Action item.
Repeat word for word the lines from the top of the records through the line containing "This paper introduces", and skip the pictures.

..........

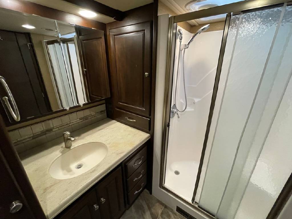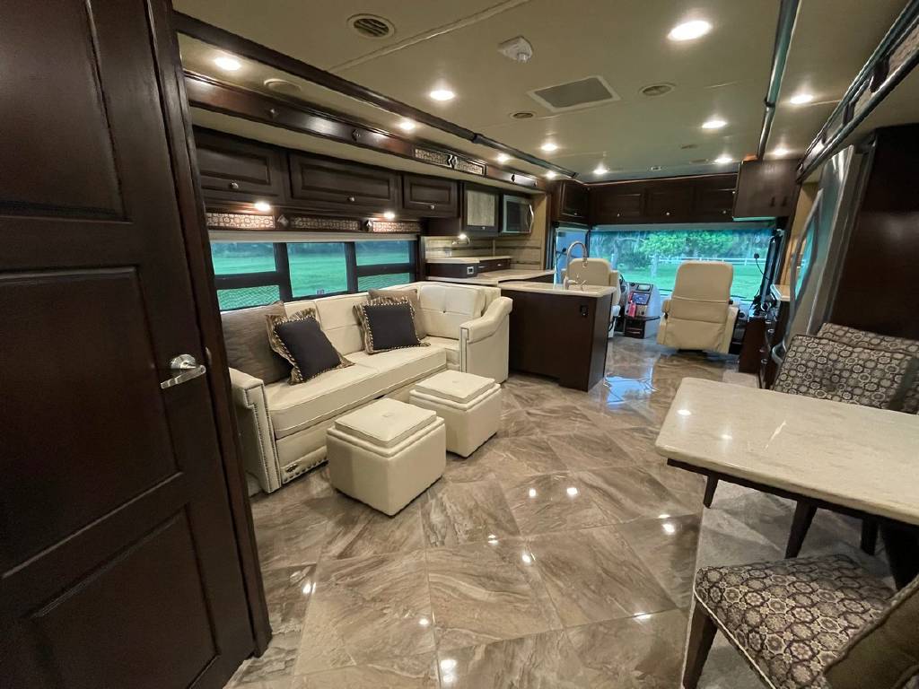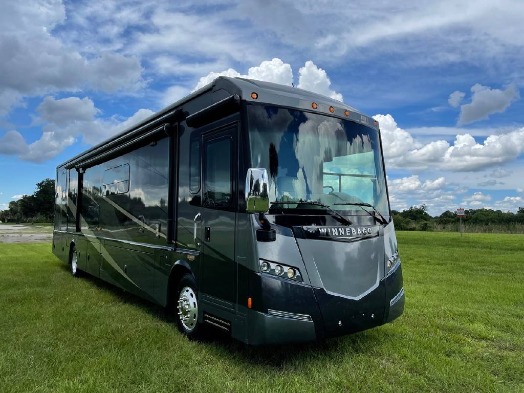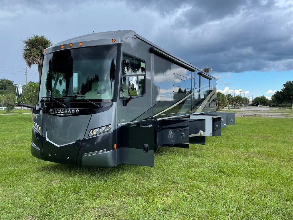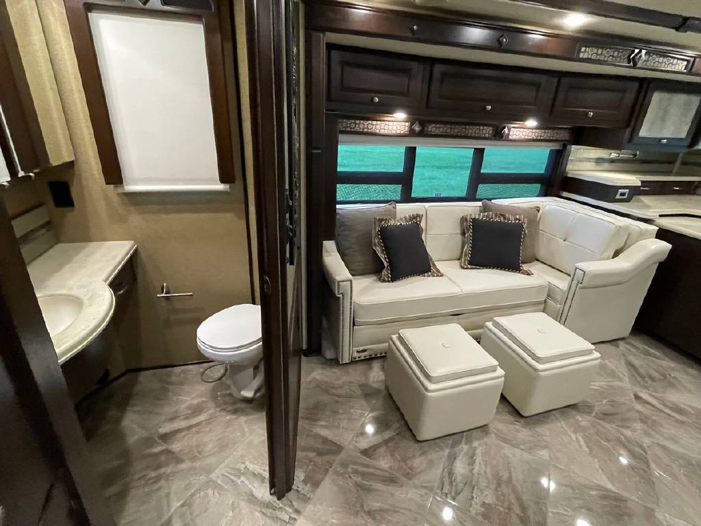 2016 Winnebago Journey 40R 3 slide motorhome with 53,223 miles. This couch is on a Maxum chassis powered by a 400-hp Cummins ISL 8.9L turbocharged diesel engine with Allison transmission. This coach has everything including Ultraleather ‘Rest Easy’ extendable sectional sofa, a massive HDTV with home theater soundbar, Glide & Dine dining table, fireplace, residential stainless steel French door refrigerator, microwave/convection oven, bath and a half, stackable washer/dryer, King size bed comfort control mattress, touch screen navigation and more!!!
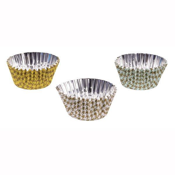 千鳥格子のおしゃれなデザインのアルミ製カップケーキ焼き型です。
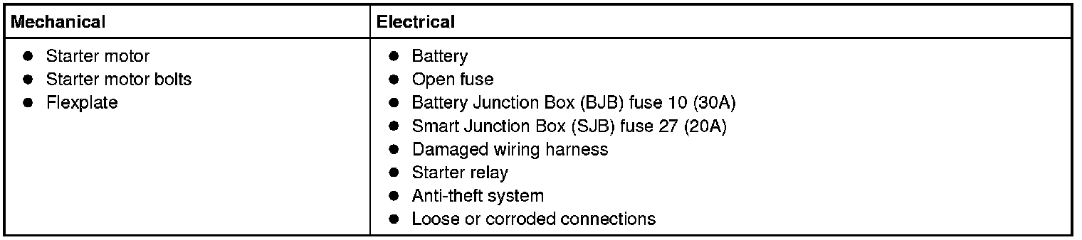 NOTE: The anti-theft system must be functioning correctly before a logical starting system diagnosis can be carried out. Address anti-theft system concerns before continuing. Refer to Antitheft and Alarm Systems.
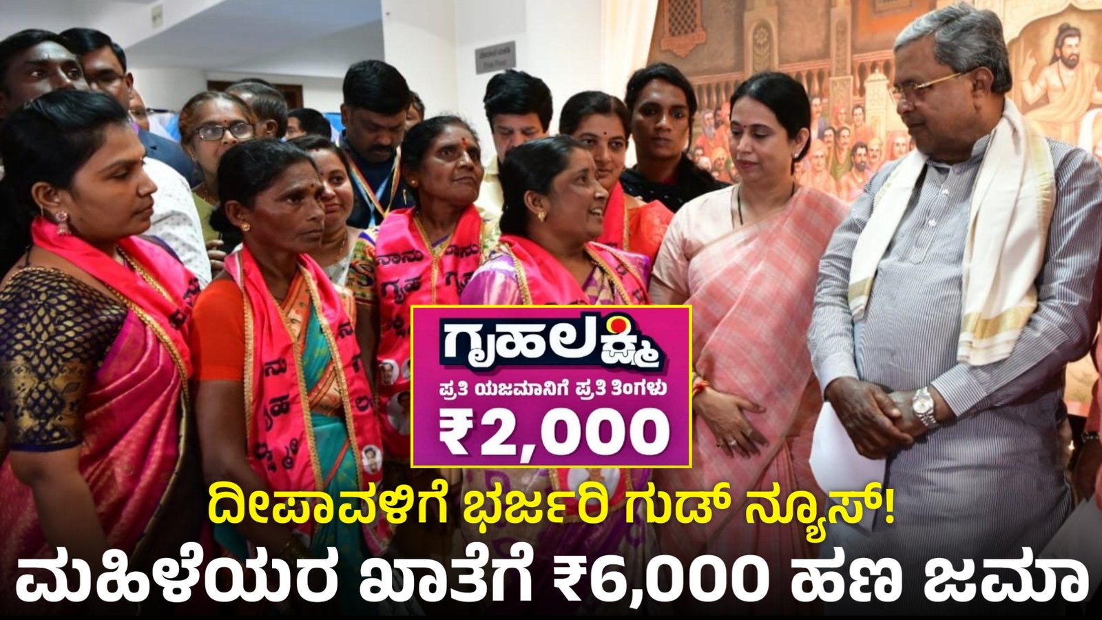 Gruhalakshmi Scheme: ದೀಪಾವಳಿಗೆ ಗೃಹಲಕ್ಷ್ಮಿಯರಿಗೆ ಭರ್ಜರಿ ಗುಡ್ ನ್ಯೂಸ್! ಮಹಿಳೆಯರ ಖಾತೆಗೆ ₹6,000 ರೂ. ಹಣ ಜಮಾ ಇಲ್ಲಿದೆ ನೋಡಿ ಮಾಹಿತಿ
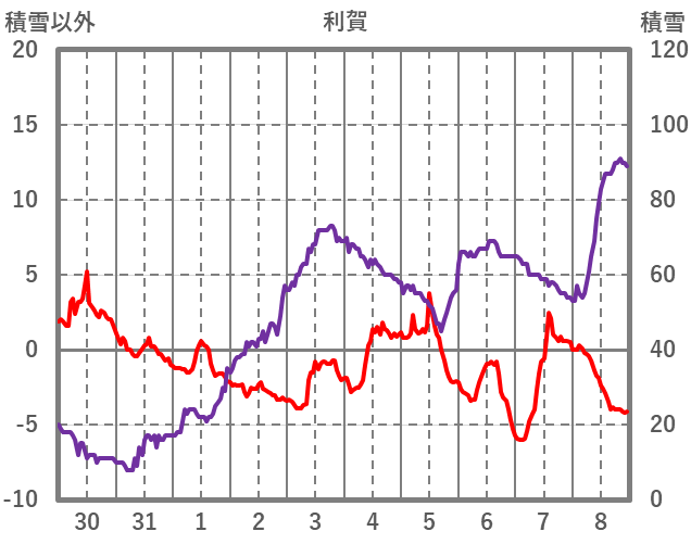 | 日 | 時 | 気温 | 降水 | 風向/風速 | 日照 | 積雪 | 降雪 |
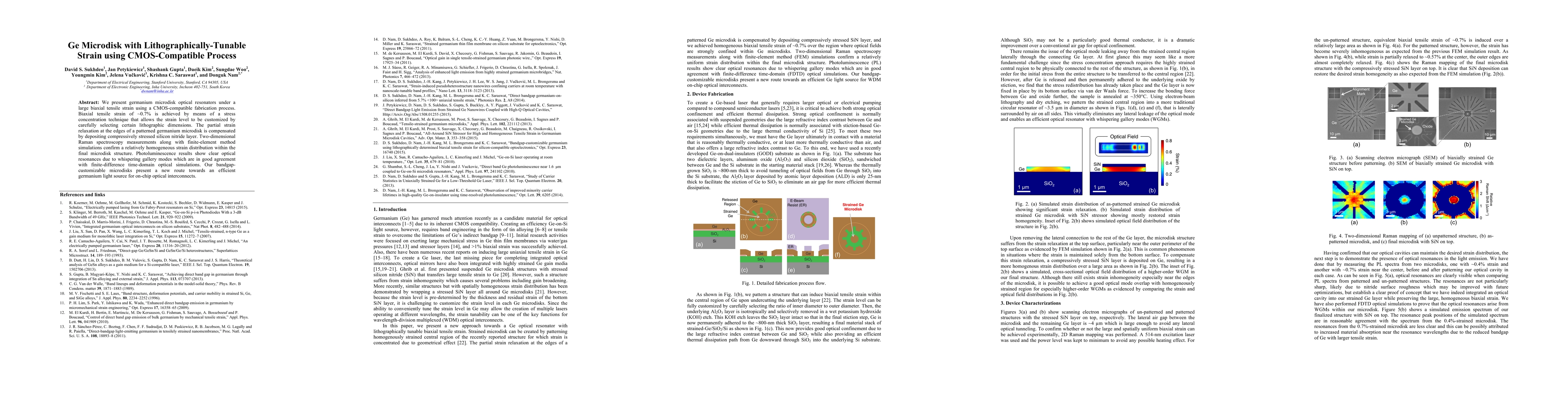 This paper introduces germanium microdisk optical resonators with tunable biaxial tensile strain via a CMOS-compatible process, achieving ~0.7% strain through lithographic customization and compensating strain relaxation with a silicon nitride layer. The study confirms homogeneous strain distribution and demonstrates optical resonances suitable for on-chip optical interconnects.
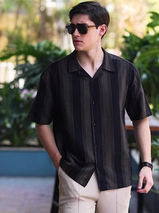 Black & Grey Multi-Stripe Textured Shirt
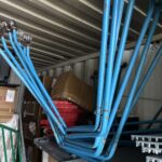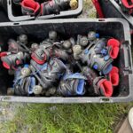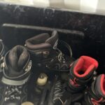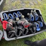 10 Aides aux movies sur 4 roulettes bleu (dont 1 HS) – Environ 105 rollers adulte différentes tailles – Environ 75 rollers enfant différentes tailles dont 9 cartons de 5 paires neufs – Environ lot d’environ 60 protections pour rollers et 20 casques (non contrôlés) – Lot d’environ 40 barrières de protection métallique – 19 Bacs de rangement PVC
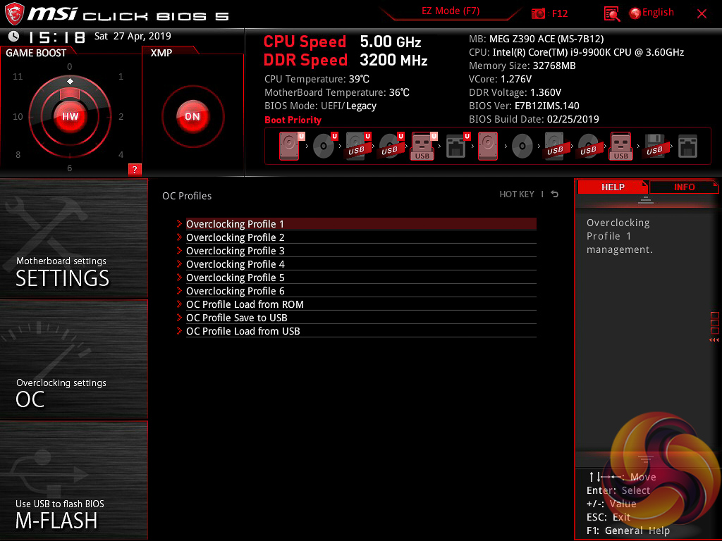 The OC Profile section hasn’t changed a great deal in successive generations, it still allows you to save OC profiles to blank slots, load in OC profiles from a USB stick or export them to a USB stick. It’s a useful capability that should facilitate sharing of decent OC profiles on forums and across the internet more generally.
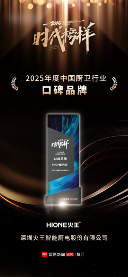 2026年1月,火王斩获2025年“全触屏智能灶全国销量第一”;
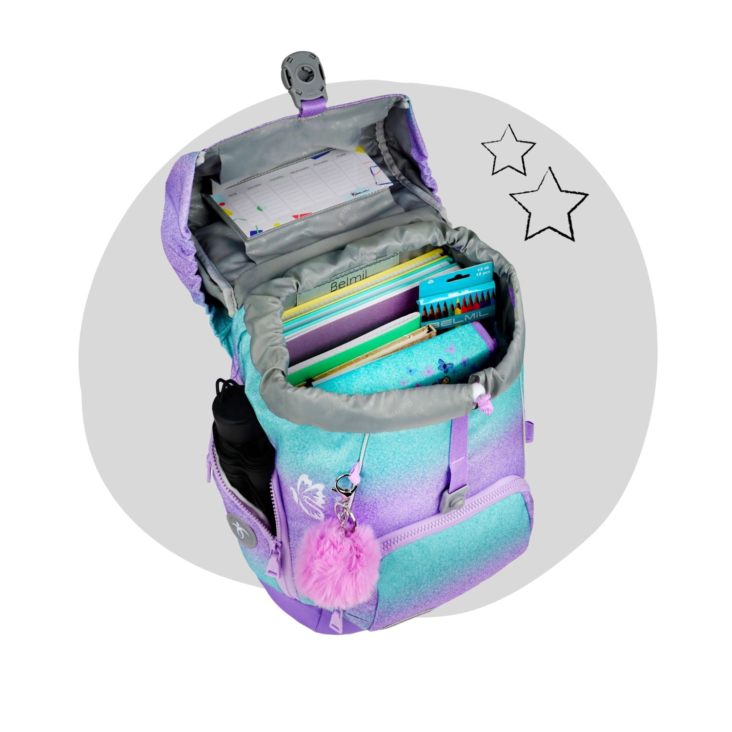 Our Comfy Plus bags contains: Inner dividers for easy organisation, front pocket for pencil case, side pocket with mesh as a bottle holder (0.7 L), a zipper pocket on top for storing raincover or keys, drawstring for fixing the content.
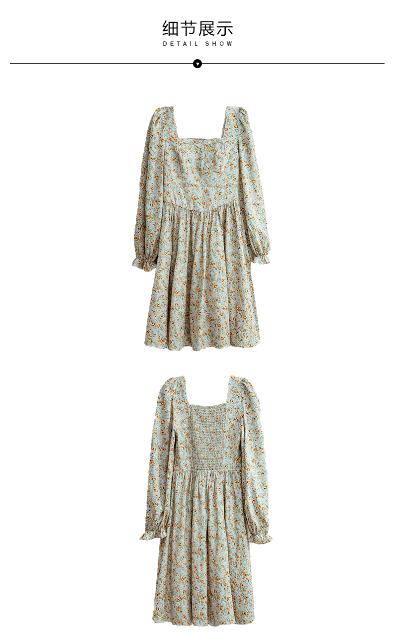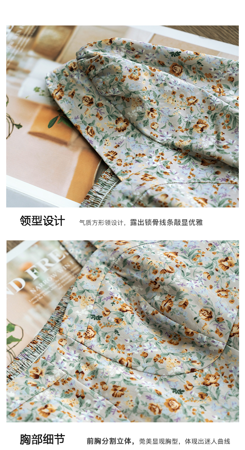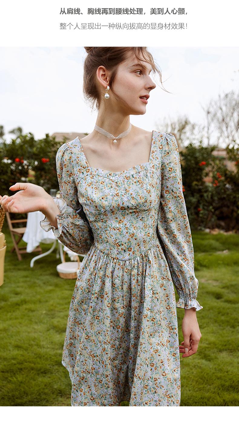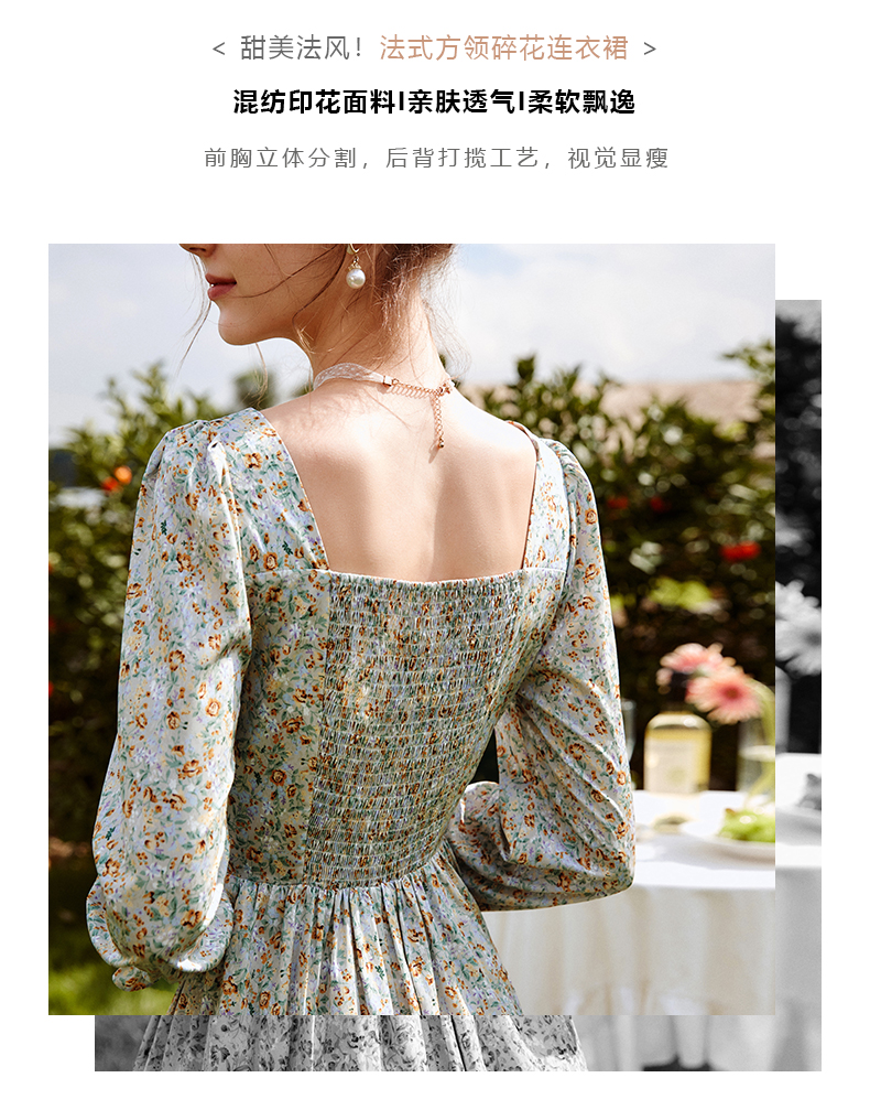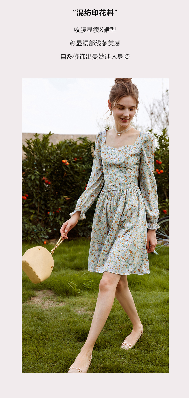 欧芮儿碎花连衣裙女2021新款收腰显瘦一字肩方领设计感中长裙

..........

Answer section.
 2016 Winnebago Journey 40R 3 slide motorhome with 53,223 miles. This couch is on a Maxum chassis powered by a 400-hp Cummins ISL 8.9L turbocharged diesel engine with Allison transmission. This coach has everything including Ultraleather ‘Rest Easy’ extendable sectional sofa, a massive HDTV with home theater soundbar, Glide & Dine dining table, fireplace, residential stainless steel French door refrigerator, microwave/convection oven, bath and a half, stackable washer/dryer, King size bed comfort control mattress, touch screen navigation and more!!!
 千鳥格子のおしゃれなデザインのアルミ製カップケーキ焼き型です。
 NOTE: The anti-theft system must be functioning correctly before a logical starting system diagnosis can be carried out. Address anti-theft system concerns before continuing. Refer to Antitheft and Alarm Systems.
 Gruhalakshmi Scheme: ದೀಪಾವಳಿಗೆ ಗೃಹಲಕ್ಷ್ಮಿಯರಿಗೆ ಭರ್ಜರಿ ಗುಡ್ ನ್ಯೂಸ್! ಮಹಿಳೆಯರ ಖಾತೆಗೆ ₹6,000 ರೂ. ಹಣ ಜಮಾ ಇಲ್ಲಿದೆ ನೋಡಿ ಮಾಹಿತಿ
 | 日 | 時 | 気温 | 降水 | 風向/風速 | 日照 | 積雪 | 降雪 |
 This paper introduces germanium microdisk optical resonators with tunable biaxial tensile strain via a CMOS-compatible process, achieving ~0.7% strain through lithographic customization and compensating strain relaxation with a silicon nitride layer. The study confirms homogeneous strain distribution and demonstrates optical resonances suitable for on-chip optical interconnects.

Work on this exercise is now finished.